4.3.7 Summarise or Summarize with Groups

# Needed to get higher moments like skewness/kurtosis
library(moments) 
group_1 <- group_by(gapminder, continent) %>%
summarize(mean = mean(lifeExp),
          stdev = sd(lifeExp),
          median = median(lifeExp),
          min = min(lifeExp),
          max = max(lifeExp),
          n = n(),
          se = stdev/sqrt(n),
          skew = skewness(lifeExp),
          kur = kurtosis(lifeExp))

group_2 <- group_by(gapminder, year) %>%
  summarise(mean = mean(lifeExp),
            stdev = sd(lifeExp),
            median = median(lifeExp),
            min = min(lifeExp),
            max = max(lifeExp),
            n = n(),
            se = stdev/sqrt(n),
            skew = skewness(lifeExp),
            kur = kurtosis(lifeExp))

4.3.8 Summarize

sumr_1 <- summarise(gapminder, 
          mean = mean(lifeExp),
          stdev = sd(lifeExp),
          median = median(lifeExp),
          min = min(lifeExp),
          max = max(lifeExp),
          n = n(),
          se = stdev/sqrt(n),
          skew = skewness(lifeExp),
          kur = kurtosis(lifeExp))

sumr_2 <- summarise(gapminder, 
          mean = mean(gdpPercap),
          stdev = sd(gdpPercap),
          median = median(gdpPercap),
          min = min(gdpPercap),
          max = max(gdpPercap),
          n = n(),
          se = stdev/sqrt(n),
          skew = skewness(gdpPercap),
          kur = kurtosis(gdpPercap))

# Bind to create a Data frame 
dd <- round(as.data.frame(rbind(sumr_1, sumr_2)), 3)
rownames(dd) <- c("Life Expectancy", "GDP Per Capita")
dd

4.4 References

5 Graphics in R

5.1 Base R Plots

R has few built-in plot functions.

Scatter Plot

URL <- "https://raw.githubusercontent.com/sylvadon5/data-files/main/credit.csv"
credit_data <- read.csv(URL, header = TRUE)
plot(credit_data$age, credit_data$amount,
     xlab = "Age", ylab = "Amount", main = "Amount vs Age",
     pch = 25, col = "red")

Histogram

hist(credit_data$age, xlab = "Age", ylab = "Frequency", main = "Histogram",
     freq = TRUE, col = "purple", border = "red", breaks = 7)
grid()

Density Plot

plot(density(credit_data$amount), col = "green",
     xlab = "Amount", main = "Density", lwd = 5)
grid()

Boxplot

boxplot(credit_data$amount~credit_data$job, xlab = "Job", ylab = "Amount",
        main = "Boxplot", horizontal = FALSE, col = "blue")
grid()

Bar Graph

frequency <- table(credit_data$years_at_residence)
barplot(frequency, xlab = "Default Status", main = "Default",
        ylim = c(0, 500))

5.2 ggplot2

ggplot2 is a plotting system developed by Hadley Wickham in 2005.
It makes it easy to create complicated graphs.
ggplot graphs are built layer by layer by adding new elements.
The ggplot function uses the following basic syntax for different types of graphs:

ggplot(<DATA>, mapping = aes(<MAPPINGS>)) + 
  <GEOM_FUNCTION>()

DATA: Data set containing the variables to be used for plotting.
aes: Stands for “Aesthetic”. Function that defines the variables to be plotted and other plotting characteristics such as color, shape, size etc.
GEOM_FUNCTION: Defines how the data is to be represented in the plot.

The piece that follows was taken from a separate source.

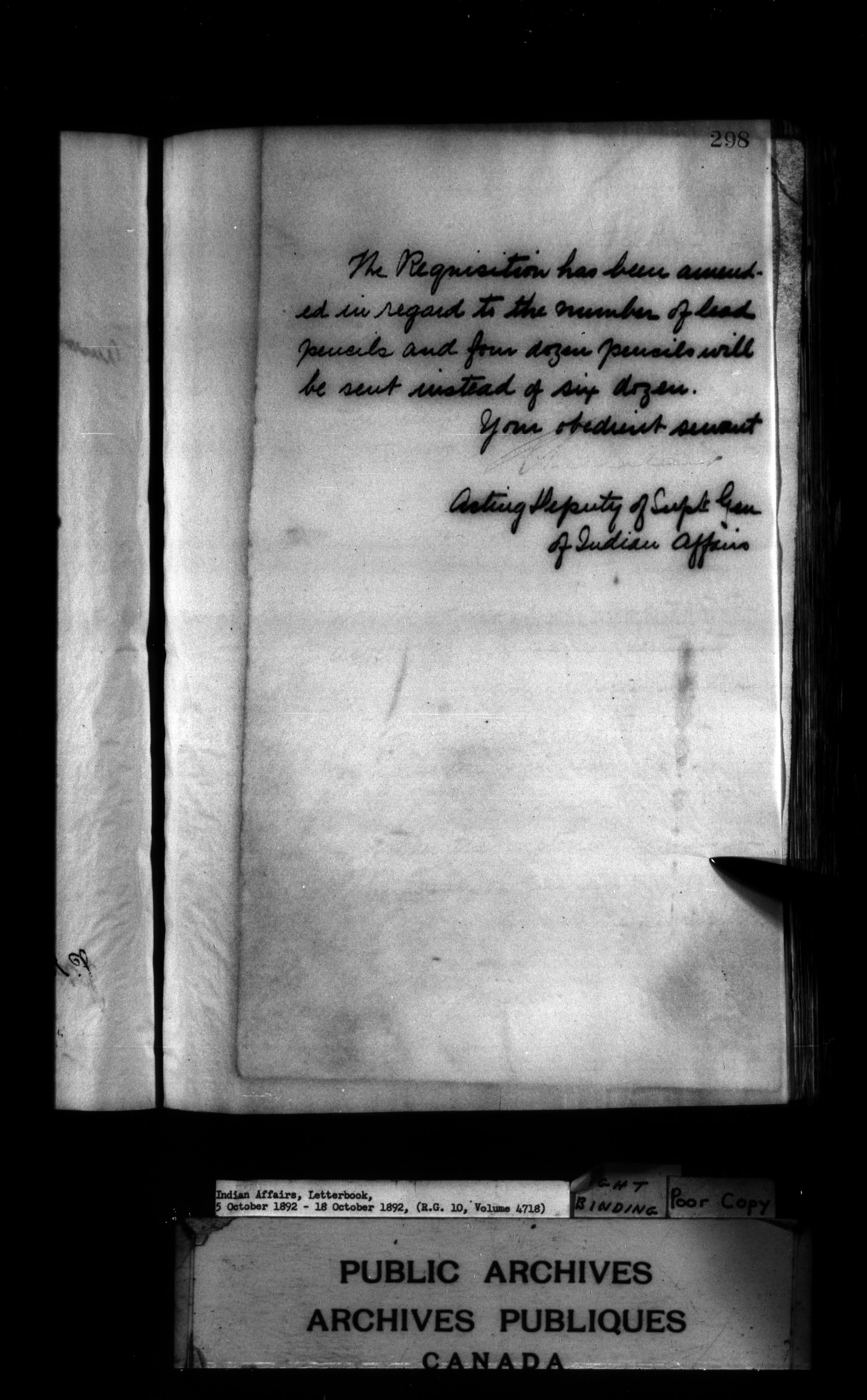 Indian Affairs, Letterbook, 18 October 1892 - 4 November 1892

Popular GEOM_FUNCTIONS include:
- geom_point() for scatter plots.
- geom_boxplot() for boxplots.
- geom_histogram() for histograms.
- geom_bar() for bar graphs.
- To add a GEOM_FUNCTION to the plot, we use + operator.
- The + operator can also be used to add other layers such as labs() to the plot.
We can install and load ggplot2 package via the tidyverse packages.